Armstrong Co-op delivers new tools for trades students

By Public Affairs | March 27, 2019
           

Okanagan College Media Release

A co-operative that has a nearly 100-year history in the community is supporting the next generation of skilled trades workers with a donation of new tools to Okanagan College Vernon campus.

Armstrong Regional Cooperative has donated $5,000 to the new Trades Training Centre to purchase state-of-the-art tools for the students in the more than seven programs offered in the new Centre.

“A big part of our business model is supporting the community,” explains Jason Keis, Armstrong Regional Cooperative Marketing and Sales Manager. “We were excited to invest in students entering the trades, especially as the trades are so connected to our business.”

Armstrong Co-op operates gas and convenience stores in Vernon, Salmon Arm and Armstrong as well as cardlock fueling stations. The company also offers fuel delivery within the Okanagan-Shuswap and many of those deliveries are to contractors and construction sites.

The donated tools were delivered on a pallet and unveiled to students who responded with a round of applause. The new equipment ranged from air-powered nail guns to welding helmets, electric sanders and socket sets.

“We have a beautiful new trades facility and this donation means our students will have access to the very latest tools as well, so they’re training on the same equipment they’ll encounter when they step out onto the jobsite,” says Steve Moores, Dean of Trades at Okanagan College.

“We’re grateful to the Armstrong Regional Cooperative for supporting students – it sends a message to them that local employers believe in them and want to see them be successful in their chosen trades.”
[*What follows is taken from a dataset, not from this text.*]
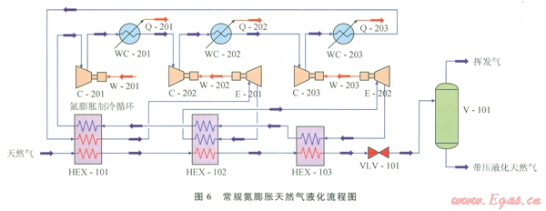 HYSYS模擬的常規(guī)氮膨脹天然氣液化流程如圖6所示[12]。經(jīng)過預(yù)處理后的進口天然氣通過換熱器HEX-l01和HEX-l02降溫,然后節(jié)流至l01kPa變?yōu)?span lang="EN-US">LNG,送入儲罐V-101。液化流程所需冷量由氮膨脹制冷循環(huán)提供,由于常規(guī)液化流程所需的低溫更低,若采用單級膨脹會導(dǎo)致膨脹機的膨脹比非常大,故而一般采用兩級膨脹為流程提供冷量和所需的低溫。氮氣制冷劑首先經(jīng)過三級壓縮水冷器,再進入膨脹機E-201膨脹降溫,接著進入換熱器HEX-102為其提供冷量,然后進入膨脹機E-202繼續(xù)膨脹降溫,接著依次通過三級換熱器為其提供冷量,最后復(fù)溫回到壓縮機。其中膨脹機E-201和E-202產(chǎn)生的膨脹功分別由壓縮機C-202和C-203完全回收利用,構(gòu)成兩個壓縮膨脹機組。由于常規(guī)天然氣液化流程的進口天然氣要經(jīng)過CO2預(yù)處理,CO2的含量一般不超過0.01%。因此,這里仍舊取99.99%CH4+0.01%CO2作為進口原料氣。

Armstrong Regional Cooperative has a long history of supporting community through annual donations to a number of different organizations and community events. As a co-operative, the Armstrong Co-op is owned by its members who as owners, share in the co-op’s profits. Last year, the co-op returned just over $3.7 million in cash and equity to its 17,500 members.

“If you are not buying from a co-op, the money may be going somewhere else and not back to your community,” says Keis. “When you buy from your local co-operative, you’re truly supporting your community.”